Pour démontrer le parasitisme et obtenir l’allocation de dommages-intérêts, Marie devra établir d’une part la proximité fautive de réalisation, d’autre part le risque de confusion. Ce risque d’amalgame peut par exemple résulter d’une filiation revendiquée à l’œuvre première8 ou d’une imitation de titre9. Mais les juges se montrent parfois très exigeants dans l’appréciation du parasitisme. Le tribunal de grande instance de Paris a par exemple jugé qu’en dépit d’une forte parenté entre les sculptures animalières en impression 3D de Xavier Veilhan et de Richard Orlinski, aucun risque de confusion n’était à craindre au regard de la différence de clientèle, les collectionneurs du premier étant avertis et attachés à la signature, contrairement aux acheteurs du second10. C’est dire qu’un certain flou règne sur la jurisprudence du parasitisme artistique...
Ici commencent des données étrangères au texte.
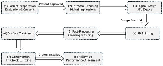 Computer-aided design and computer-aided manufacturing (CAD/CAM) technologies have revolutionized prosthodontics through enhanced precision, standardization, and efficiency [6,7]. While subtractive manufacturing (milling) has dominated digital workflows for provisional restorations in recent years, additive manufacturing (3D printing) has emerged as a compelling alternative due to its material conservation, geometric freedom, and cost-effectiveness [5,8,9,10,11,12]. The clinical potential of 3D printing is particularly evident in fabricating provisional crowns and bridges, with single-unit restorations printable in approximately 20 min. This efficiency allows clinicians to prepare a tooth, scan it, initiate printing, and proceed with other treatments while the restoration is manufactured. Once complete, the crown can be immediately detached from supports and cemented, thereby streamlining clinical workflow without compromising restoration quality [13,14,15].

Quant au cumul de l’action en contrefaçon et en parasitisme, il redouble, si besoin était, la difficulté du plaideur car il lui impose de prouver un fait distinct de la contrefaçon pour sanctionner aussi le parasitisme. Dans un tel contexte, Marie aura tout intérêt à explorer la perspective d’un accord transactionnel permettant de mettre discrètement et rapidement fin au litige.

À l’heure où se multiplient les œuvres transformatives, le vent de la liberté de création artistique souffle sur les tribunaux, qui pourrait à l’avenir pondérer la nécessité d’une autorisation. Par un arrêt du 15 mai 2015, la Cour de cassation a pour la première fois prôné d’arbitrer entre droit d’auteur et liberté d’expression artistique11. Entretemps, la loi dite « Liberté de création, architecture et patrimoine » du 7 juillet 2016 a confirmé que « la création artistique est libre » de même que sa diffusion, tout en édictant que celle-ci s’exerçait dans le respect des principes encadrant la liberté d’expression et conformément au droit d’auteur. La porte est donc entr’ouverte pour un fair use à la française. Reste à savoir ce qu’en feront les tribunaux.

Marie-Hélène Vignes animera la formation du CIPAC « Contrats et oeuvres d’art contemporain : les fondamentaux du contrat. » – Les 4 et 5 avril 2019. www.cipac.net

Céline Delavaux et Marie-Hélène Vignes ont reçu en mars 2018 le premier prix du Palais littéraire et musical pour leur ouvrage Les Procès de l’art, Petites histoires de l’art et grandes affaires de droit.

1 Voir Art Insider #4, juin 2018, p.45.

2 TGI Paris, 3e ch. 1re sect. 3 juin 1998.

3 Trib. Correct. Paris, 10e ch., 26 mai 1987.

4 TGI Paris, 3e ch. 1re sect. 9 mars 2017 et 8 nov. 2018, jugeant les œuvres Naked et Fait d’hivercontrefaisantes.

5 CA Paris, 27 févr. 2013.

6 G. de Moncuit, « Les relations entre contrefaçon et parasitisme », Revue concurrentialiste, mai 2014.

7 TGI Paris, 3 juin 1998 précité condamnant le concepteur et l’exploitant du spot publicitaire à payer un million de francs de dommages-intérêts.

8 Par exemple une utilisation présentée comme un « hommage à William Klein ».

9 Le titre Jack le chien d’une sculpture imitant l’œuvre intitulée Bob le chien caractérise le risque de confusion.

10 TGI Paris, 3e ch. 3e sect., 21 mars 2014, qui n’a curieusement pas fait l’objet d’un appel.

11 Civ. 1re 15 mai 2015 opposant Peter Klasen à Alix Malka qui lui reprochait l’emprunt dans ses toiles de plusieurs photographies. Sur renvoi, la cour d’appel de Versailles a jugé le 16 mars 2018 que la contrefaçon était constituée.